SNP heritability and genetic correlation analysis

GCTA was employed to estimate the heritability of cognitive function, regional brain subcortical volume, and cortical thickness from the individual genotypes. Only genotypes on the autosomal chromosomes were used to calculate the genetic relationship matrix with GCTA. Heritability was calculated using a linear mixed model after adjusting for the effects of age, sex, and the first 10 principal components (PCs) from the genomic relationship matrix as fixed covariates. PCs were obtained using EIGENSOFT (Price et al. 2006). Additionally, the heritability estimate for each autosomal chromosome was calculated. Since we used a sample from the AD study cohort, there was an ascertainment bias (AB) that the proportion of individuals with MCI or AD was relatively higher than the real-world population of middle-aged to older adults. Therefore, the heritability estimates that were found to be significant were adjusted for the AB by assuming the prevalence of MCI and AD in the middle-aged to elderly (>age of 60 years) population in Korea, which was 30.52% (Lee et al. 2011; Korea 2020). The genetic correlation was estimated with the bivariate genomic-restricted maximum likelihood method (Yang, Manolio, et al. 2011), as implemented in the GCTA software, for pairs of phenotypes with significant heritability.

Results

Subject characteristics

Table 1 shows the demographic and clinical characteristics of 2,159 participants. The mean age is 72.8, and 60.2% of them are female. There were 805 (37.3%) cognitively normal individuals, 1,247 (57.7%) MCI patients, and 107 (5.0%) AD-type dementia patients. The proportions of apolipoprotein E (APOE) ε2 and ε4 carriers were, respectively, 11.6% and 19.5%. The mean scores of each domain of neuropsychological assessment were 8.83 (standard deviation [SD] = 2.29) for attention, −0.15 (SD = 0.63) for language, 0.05 (SD = 0.96) for visuospatial function, −0.29 (SD = 0.76) for memory, and − 0.29 (SD = 0.77) for frontal function.

Table 1.

Descriptive characteristics of the study sample.
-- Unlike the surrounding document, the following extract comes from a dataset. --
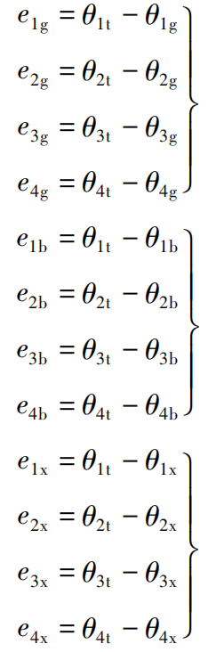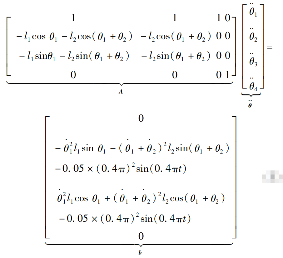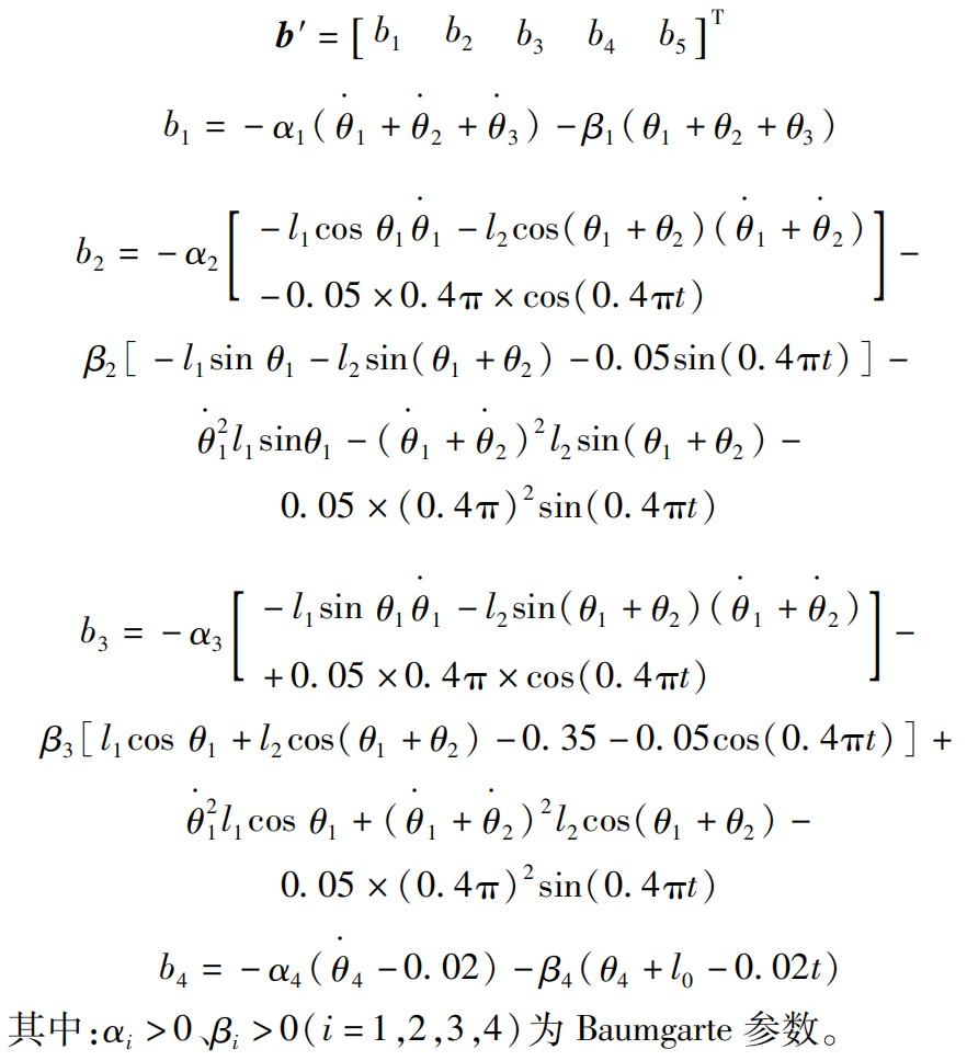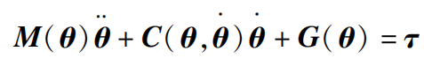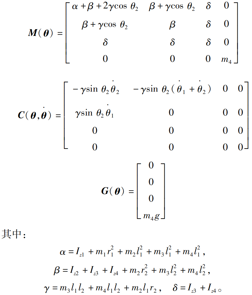 其中:质量矩阵 M ( θ )、向心力和哥氏力矩阵 C ( θ , θ·)、重力矩阵 G ( θ )分别为

Characteristics (n = 2159) Mean (SD) or n (%)
Demographic data
 Age 72.77 (5.42)
 Sex
  Female 1,300 (60.2)
  Male 859 (39.8)
 AD diagnosis
  NC 805 (37.3)
  MCI 1,247 (57.7)
  AD 107 (5.0)
Genetic traits
APOE ε2 carrier 250 (11.6)
APOE ε4 carrier 422 (19.5)
Neuropsychological scores
 Attention 8.83 (2.29)
 Language −0.15 (0.63)
 Visuospatial 0.05 (0.96)
 Memory −0.29 (0.76)
 Frontal −0.29 (0.77)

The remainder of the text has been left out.